Russian Duma Deputy Novikov: We must switch to the socialist model

Russian Duma Deputy Novikov: We must switch to the socialist model

Dmitri Novikov, Deputy Chairman of the central committee of the Communist Party of the Russian Federation (CPRF) and First Deputy Chairman of the state Duma committee on International Affaires…

To put it simply, he is one of the top leaders of the Communist Party and plays a critical role in the Duma’s activities, especially abroad.

He applied for membership on the day Boris Yeltsin signed the decree outlawing the Communist Party.

He is an experienced politician in national and international politics.

I met Novikov in Moscow.

We had a wide conversation, including Russia, the economy, the course of the world and the war, multipolarity, and relations with Türkiye.

Russia is in conflict with the West in almost every field. But the same Russia continues to implement a Western-centered economic model. Isn’t this a contradictory situation?

Yes, the new regime established in Russia in the 90s was undoubtedly within the Western economic sphere.

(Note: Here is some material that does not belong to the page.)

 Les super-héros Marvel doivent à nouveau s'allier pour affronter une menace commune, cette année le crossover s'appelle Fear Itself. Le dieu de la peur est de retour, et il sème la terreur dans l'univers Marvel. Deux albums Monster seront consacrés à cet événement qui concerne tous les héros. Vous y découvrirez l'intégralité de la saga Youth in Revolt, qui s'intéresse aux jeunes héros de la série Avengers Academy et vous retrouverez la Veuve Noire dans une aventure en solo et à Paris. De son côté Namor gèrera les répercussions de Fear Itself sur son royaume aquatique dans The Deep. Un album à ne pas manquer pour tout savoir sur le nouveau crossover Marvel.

Just to provide some example: Giving foreign companies the right to participate in privatizations in Russia, Russia’s participation in the programs of organizations such as the IMF and the World Bank, and the application of the Russian government to join the World Trade Organization.

With these moves, Russia became a part of the Western liberal economic model.

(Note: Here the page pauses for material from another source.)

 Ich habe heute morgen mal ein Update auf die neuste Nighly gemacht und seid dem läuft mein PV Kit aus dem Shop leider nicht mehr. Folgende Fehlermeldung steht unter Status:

I come from a party that has always opposed all these policies, including the privatization and destruction of factories in Russia.

Is the system created in the 90s inconsistent with Russia’s current route to preserve its sovereignty? The answer to the question is ‘yes’.

So, can we cut all ties and change our economic model? Of course, it will be difficult.

But today we are feeling the consequences of Western sanctions. If any government wanted to cut ties with the West, it could not have done so any faster than it does today.

We have three options before us:

The third is the scenario to surrender, which means our death. I don’t even want to consider it.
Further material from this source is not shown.